WHEN BROTHER ELIAS had made his stately departure to the inn, we ate bread and goatcheese with Goodwife Faldo.

It had been Jack’s idea that she should play the pigeon so that I might observe a scrying without giving away my identity. Goodwife Faldo, who’d once taken my mother to see a cunning woman in the hope of asking my dead father if there was money hidden anywhere, had agreed at once to accept me as her brother for the day.

After our meal, she said she’d walk out to the meadow to suggest to her husband and sons that, rather than disrupt our sitting, they might eat at the inn tonight. I gave her my last shilling to pay for their meat and small beer, and then Jack and I walked down to the riverside where casks of fresh-brewed ale were being loaded into a barge. The air was cooling fast these evenings and the ambering sky above the distant city was smutted and heavy from first fires. And the smoke of rumour.

I hadn’t ventured into London for more than a week, but the gossip had been drifting down to me like black flakes from a lamp-scorched purlin. The city all atremble in the glitter of a dangerous lightning.
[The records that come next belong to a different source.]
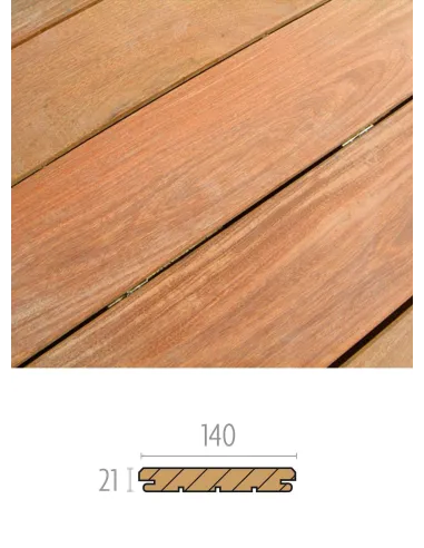 Les lames de terrasse en bois exotique Ipé font 21 mm d'épaisseur sur 140 mm de largeur, elles sont lisses, en provenance du Brésil et sont fournies soit avec vis soit avec clips (B-fix). Classe de durabilité : 1, plus de 25 ans.
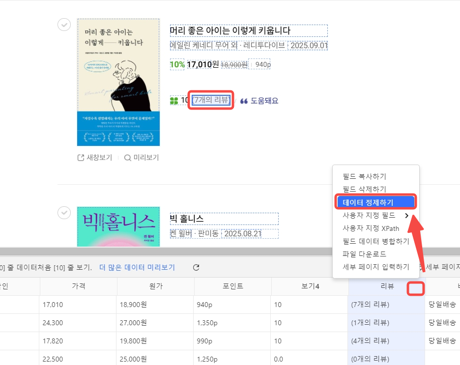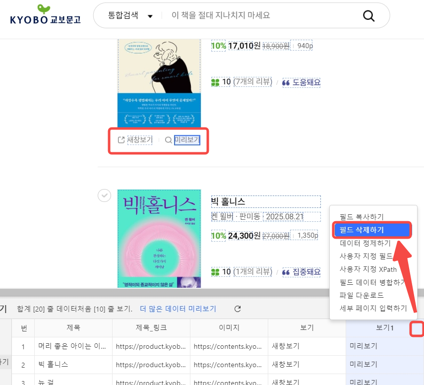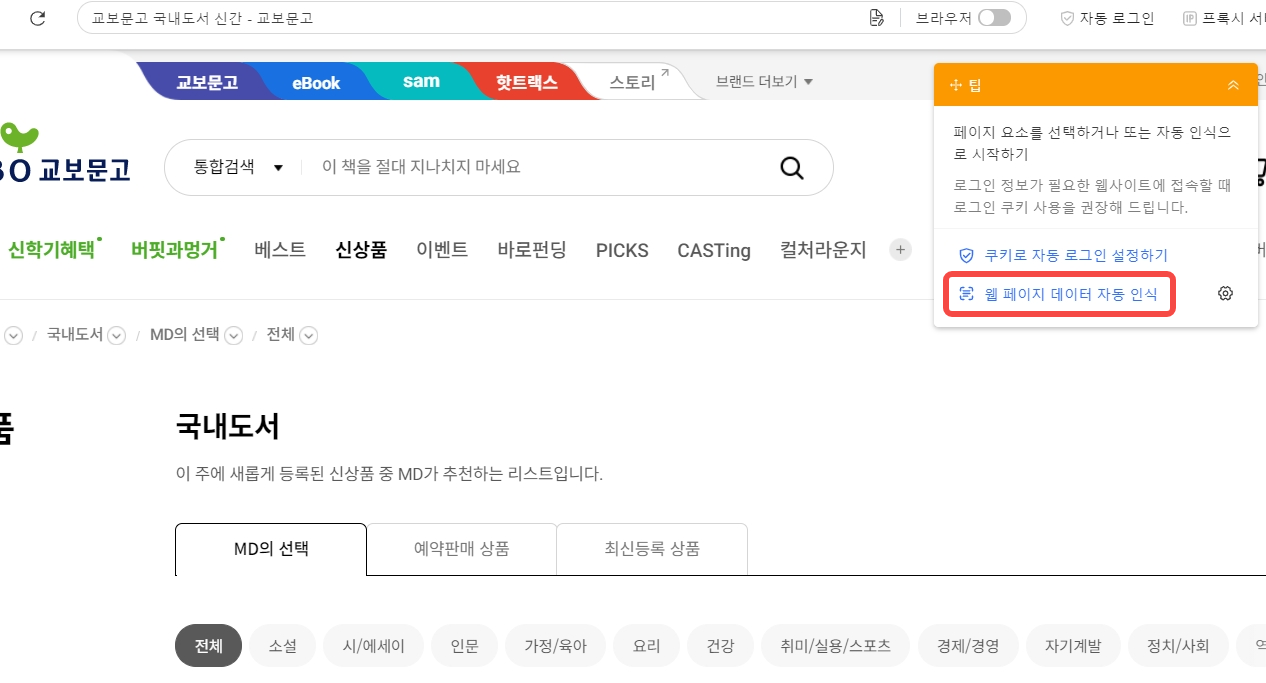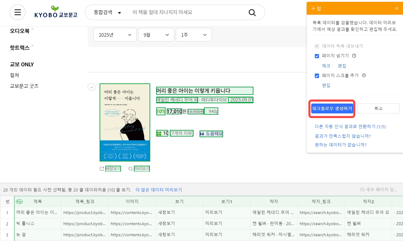 데이터 필드 자동 인식이 끝나면 교보문고 웹 페이지에서 추출 예상 데이터가 다음처럼 연두색으로 하이라이트 표시됩니다.
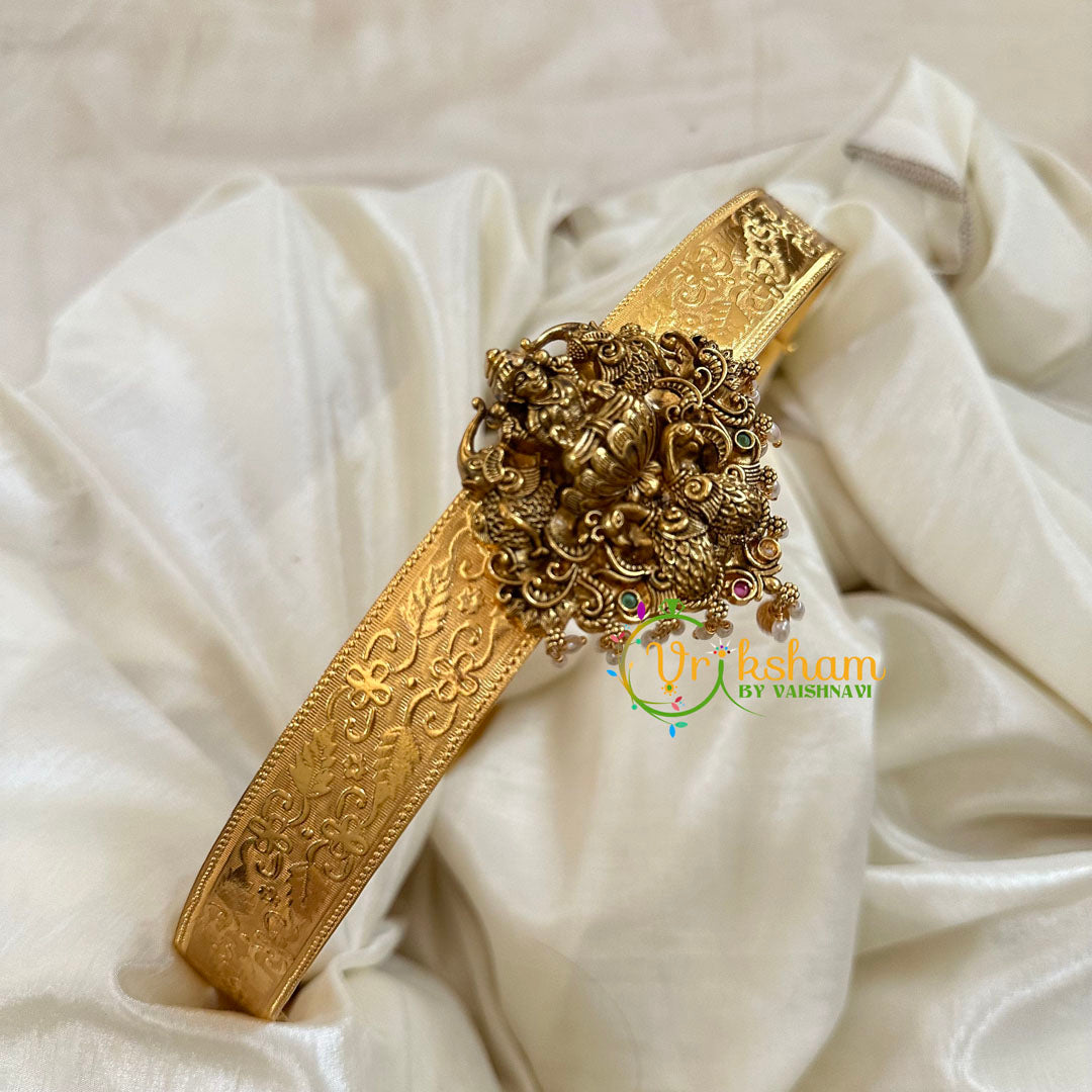 AD Stone Antique Lakshmi Pendant Plain Hipbelt in center; ad stone and semi precious studded hipbelt.
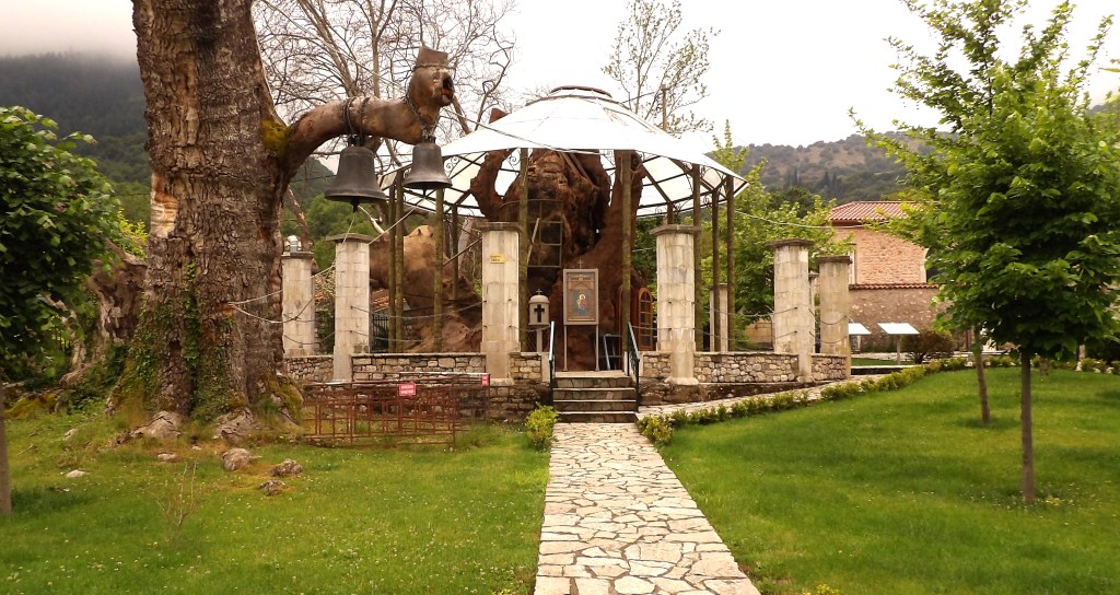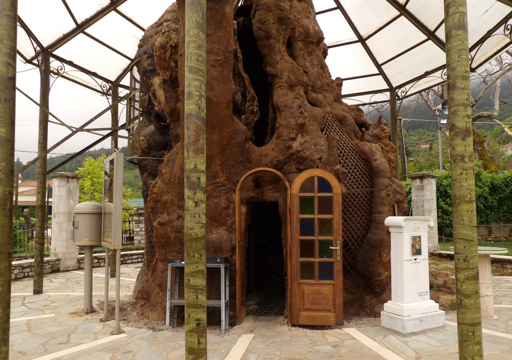 A half an hour drive, north of Kalavryta on the edge of the small village of Plantaniotissa is a very strange church indeed which is dedicated to the Virgin Mary. It’s built into the trunk of a large plane tree unlike Agia Theodora of Vasta which has a tree growing out of it. It’s a tiny structure with room for 15 people which I think would be a bit of a squeeeze! The church is now is protected by glass hat. The gardens are a pleasant place for a picnic although the on-site toilets are a bit basic. If you are heading here from Kalavryta the road does turns to a dirt track for the last part of the journey but it’s perfectly fine in a standard car if you take it carefully. The journey here from the north takes you through some lovely mountains and valleys.
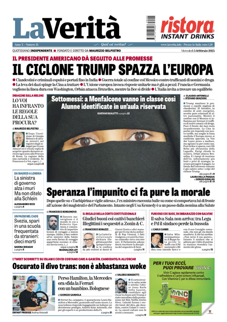 “Il ciclone Trump spazza l’Europa” (La Verità).
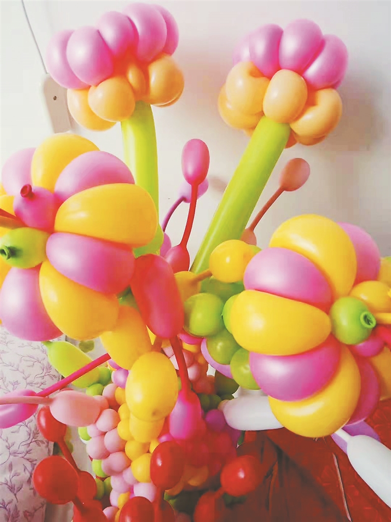 制作气球造型,不仅拧起来费劲,还要考虑每个气球的充气情况。像小红花这种简单的气球造型,一般几分钟就能做完,而样式复杂、体量大的,如婚庆用的大型拱门往往需要三四天。
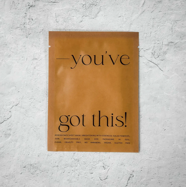 You've Got This- An illuminating and brightening sheet mask that makes you glow from the outside in and more than ready to take the day on. Made from sustainably sourced Tencel, a 100% biodegradable skin-friendly material that can fully revert to nature, it is dipped in powerful essences, and acts quickly to restore and improve the skin. What it is A Korean sheet mask with brightening and anti-aging properties. What it does Brightens skin tone, strengthens skin moisture barrier, has anti-aging properties Key Ingredients Galactomyces Skin Type All skin types, dull skin, weakened skin
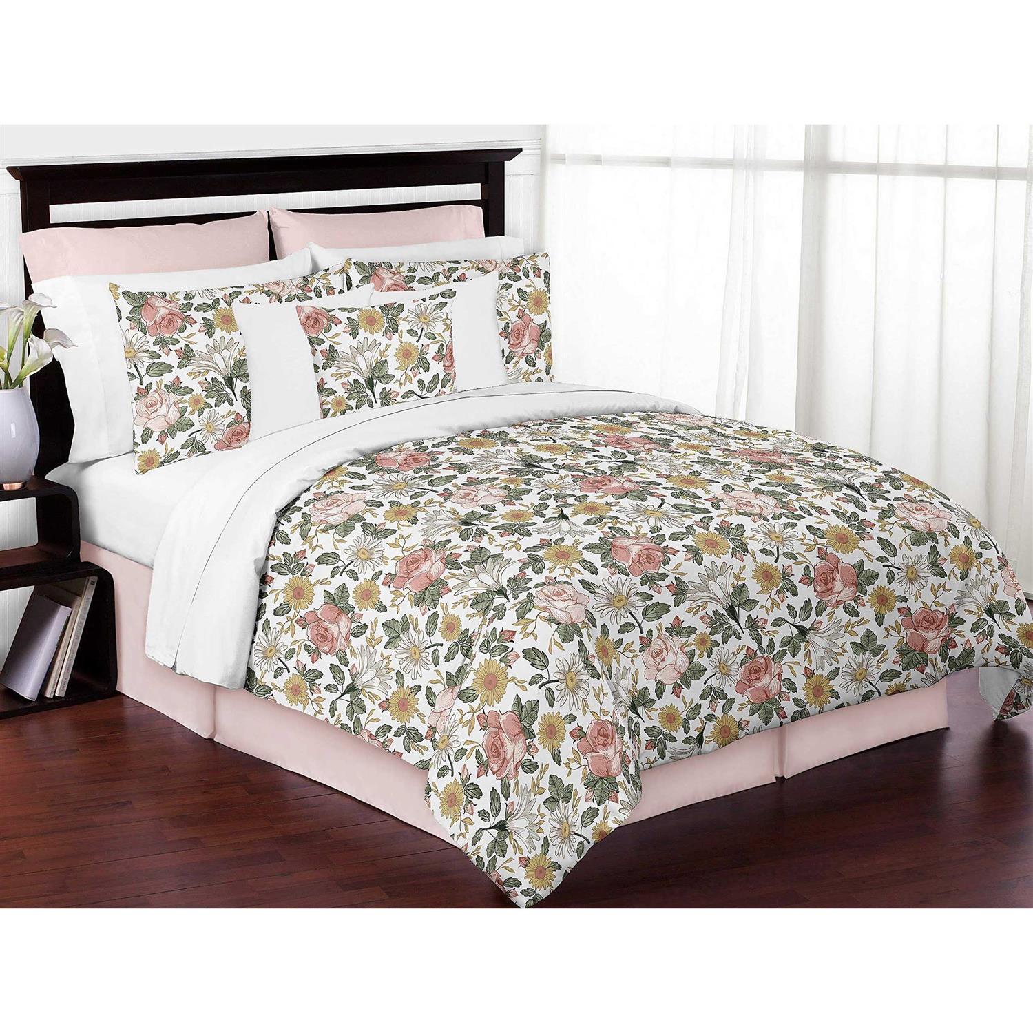 Sweet Jojo Designs Vintage Floral Boho Bathroom Fabric Bath Shower Curtain – Blush Pink Yellow Green White Shabby Chic Farmhouse
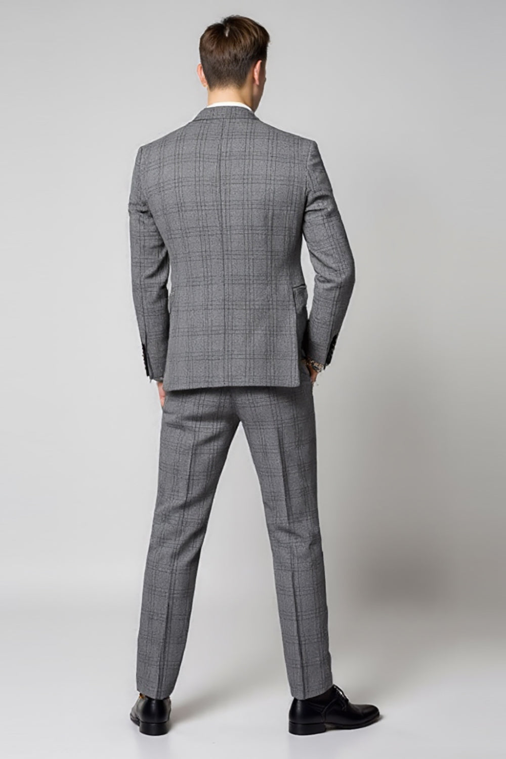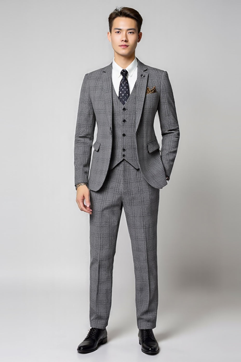 Grå Rutig Notched Kavajslag 3 stycken Baldräkter för män

‘What were they saying when you were in town?’ I asked.

One reason I’d come to trust Jack Simm: he was a man of intelligence but without ambition.

Without ambition. What a blessed state that must be. Oft-times, my mother had accused me of it – far from the truth, of course, I did have ambition, though it related not to the attainment of high office so much as the acquisition of high knowledge. Not easy, however, without the level of protection that only wealth and position could provide.

Thus far, the Queen’s patronage had given me freedom to pursue my studies but not the means, for the fingers gripping the royal purse were famously held as tight as the rectal muscles of the ducks upon the river. Having calculed, by the stars, a smiling day for her coronation, I’d hoped for secure office, but nothing had come. And if things went wrong I could soon, as Jack had warned, be dangerously out of favour. In many ways, the daggers-out world of political advancement was far simpler than mine.

We’d moved away from the beer-barge, back into the wood, but I still kept my voice down low.